[Data records]

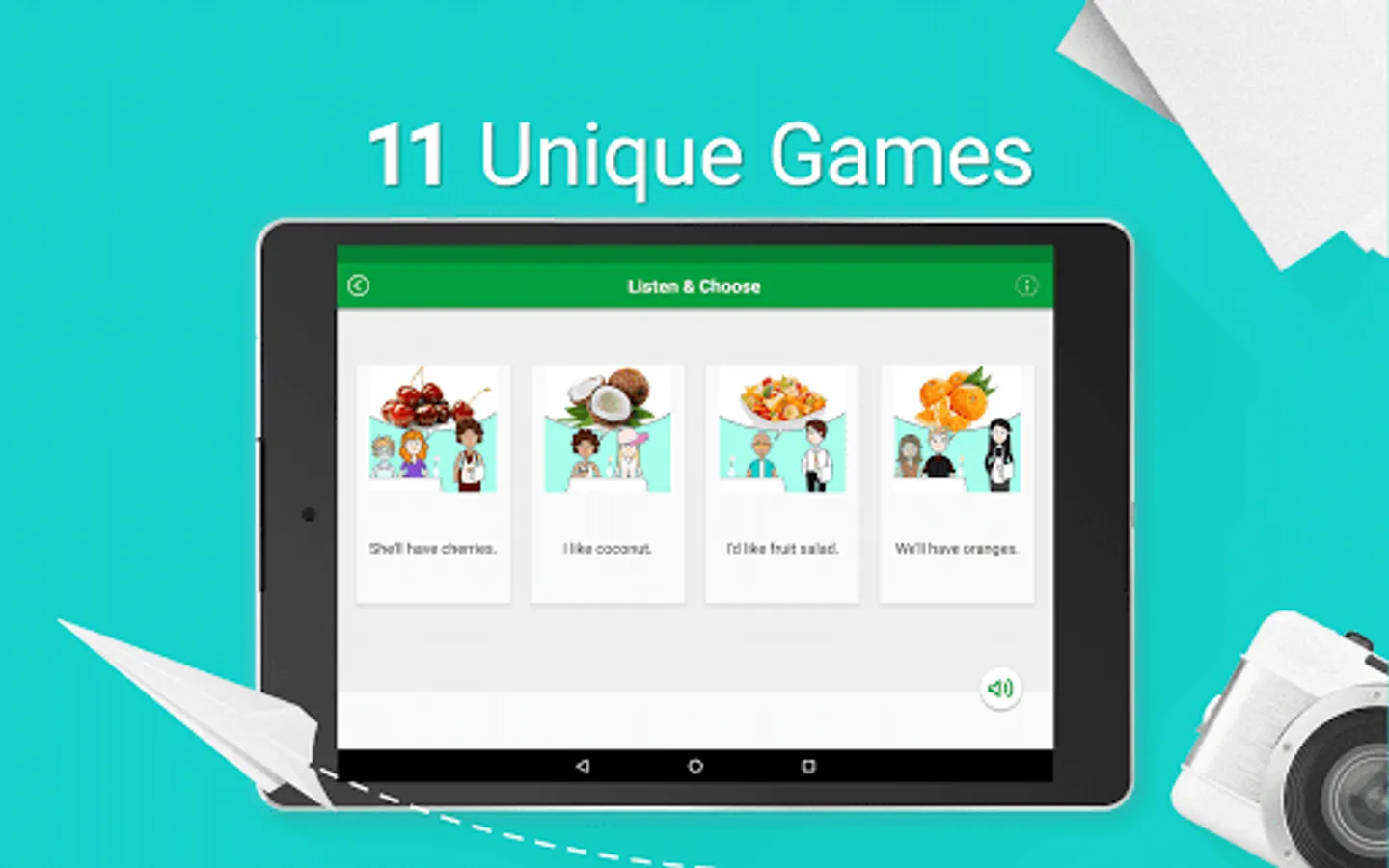 ✔ 11 fun games – a innovative approach to practice your listening, writing and speaking skills.
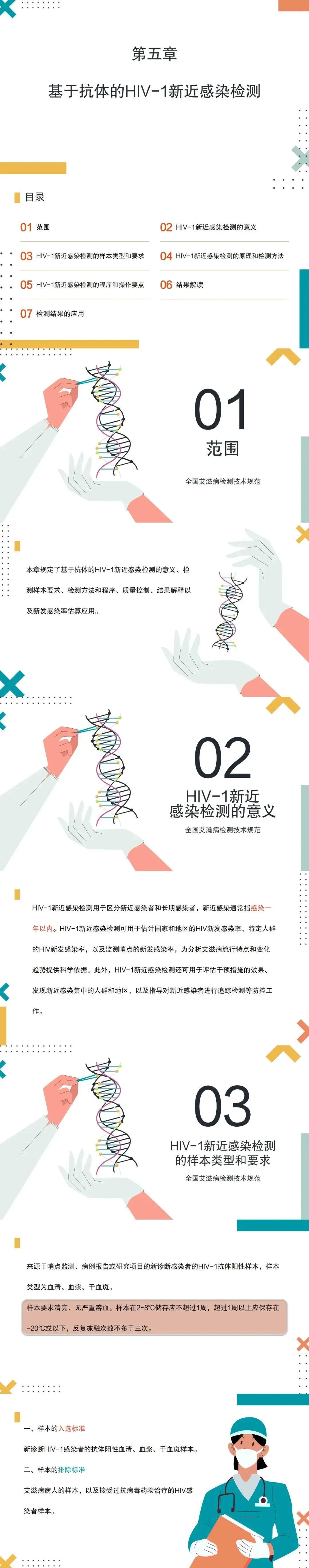 - 系统梳理HIV-1新近感染检测的意义、HIV-1新近感染检测的样本类型和要求、HIV-1新近感染检测的原理和检测方法、HIV-1新近感染检测的程序和操作要点、结果解读等内容;
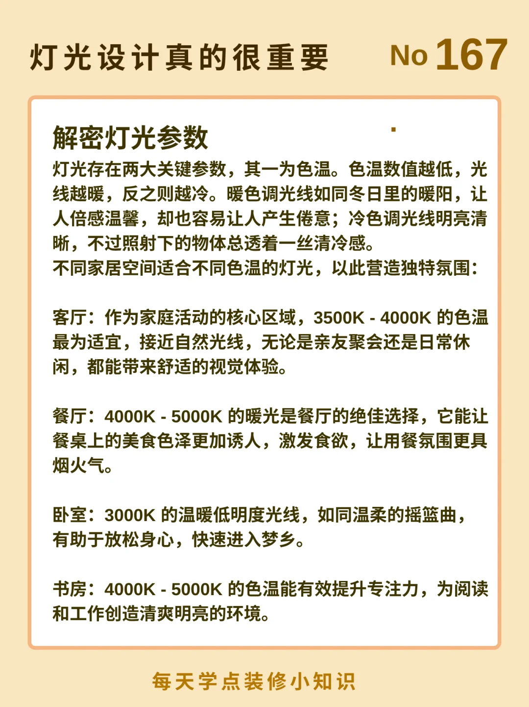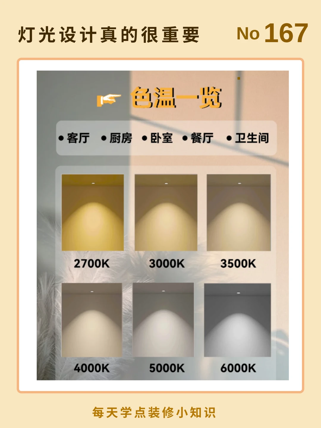 灯光存在两大关键参数,其一为色温。色温数值越低,光线越暖,反之则越冷。暖色调光线如同冬日里的暖阳,让人倍感温馨,却也容易让人产生倦意;冷色调光线明亮清晰,不过照射下的物体总透着一丝清冷感。
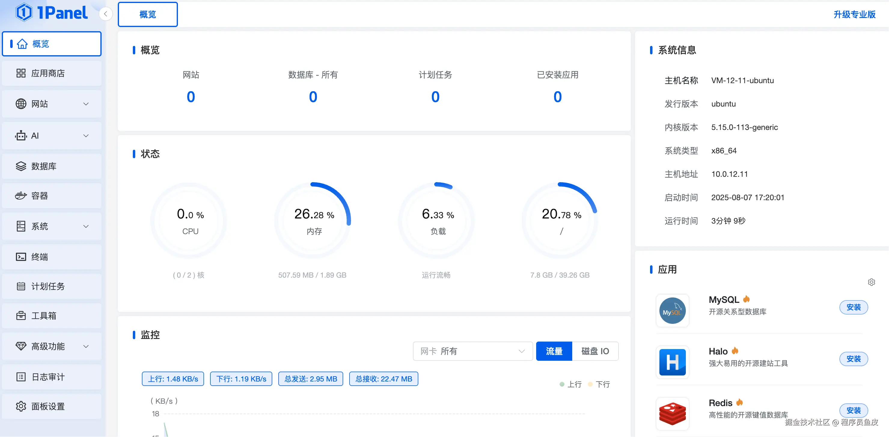 1Panel 是一个现代化、开源的 Linux 服务器运维管理面板,跟宝塔 Linux 类似。提供可视化的服务器管理界面,支持应用商店、容器管理、文件管理、数据库管理等功能,适合中小团队或者个人学习使用,告别使用黑漆漆的命令行来操作服务器。
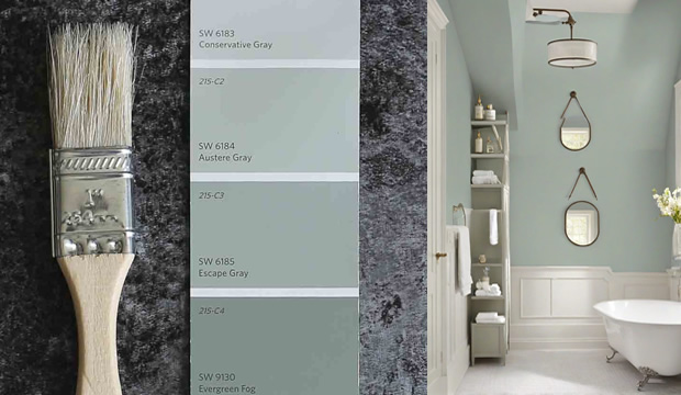 Evergreen Fog SW 9130, un verde grisáseo inspirado en la naturaleza, que crea una atmósfera envolvente y calmada, conectando el interior con sensaciones de equilibrio y bienestar.
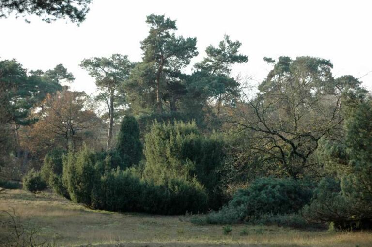 Wandelend richting oost wordt een aantal grove dennenpercelen gepasseerd. Het beheer is nu gericht op het geleidelijk creëren van afwisseling, een proces dat vele tientallen jaren in beslag neemt. Aan de noordoostzijde van het gebied verandert de plantengroei. Naaldhout maakt plaats voor berken.

TASK DETAILS
Omit every picture, then write out the entries above exactly.

RESPONSE FOR THIS EXERCISE
 ✔ 11 fun games – a innovative approach to practice your listening, writing and speaking skills.
 - 系统梳理HIV-1新近感染检测的意义、HIV-1新近感染检测的样本类型和要求、HIV-1新近感染检测的原理和检测方法、HIV-1新近感染检测的程序和操作要点、结果解读等内容;
 灯光存在两大关键参数,其一为色温。色温数值越低,光线越暖,反之则越冷。暖色调光线如同冬日里的暖阳,让人倍感温馨,却也容易让人产生倦意;冷色调光线明亮清晰,不过照射下的物体总透着一丝清冷感。
 1Panel 是一个现代化、开源的 Linux 服务器运维管理面板,跟宝塔 Linux 类似。提供可视化的服务器管理界面,支持应用商店、容器管理、文件管理、数据库管理等功能,适合中小团队或者个人学习使用,告别使用黑漆漆的命令行来操作服务器。
 Evergreen Fog SW 9130, un verde grisáseo inspirado en la naturaleza, que crea una atmósfera envolvente y calmada, conectando el interior con sensaciones de equilibrio y bienestar.
 Wandelend richting oost wordt een aantal grove dennenpercelen gepasseerd. Het beheer is nu gericht op het geleidelijk creëren van afwisseling, een proces dat vele tientallen jaren in beslag neemt. Aan de noordoostzijde van het gebied verandert de plantengroei. Naaldhout maakt plaats voor berken.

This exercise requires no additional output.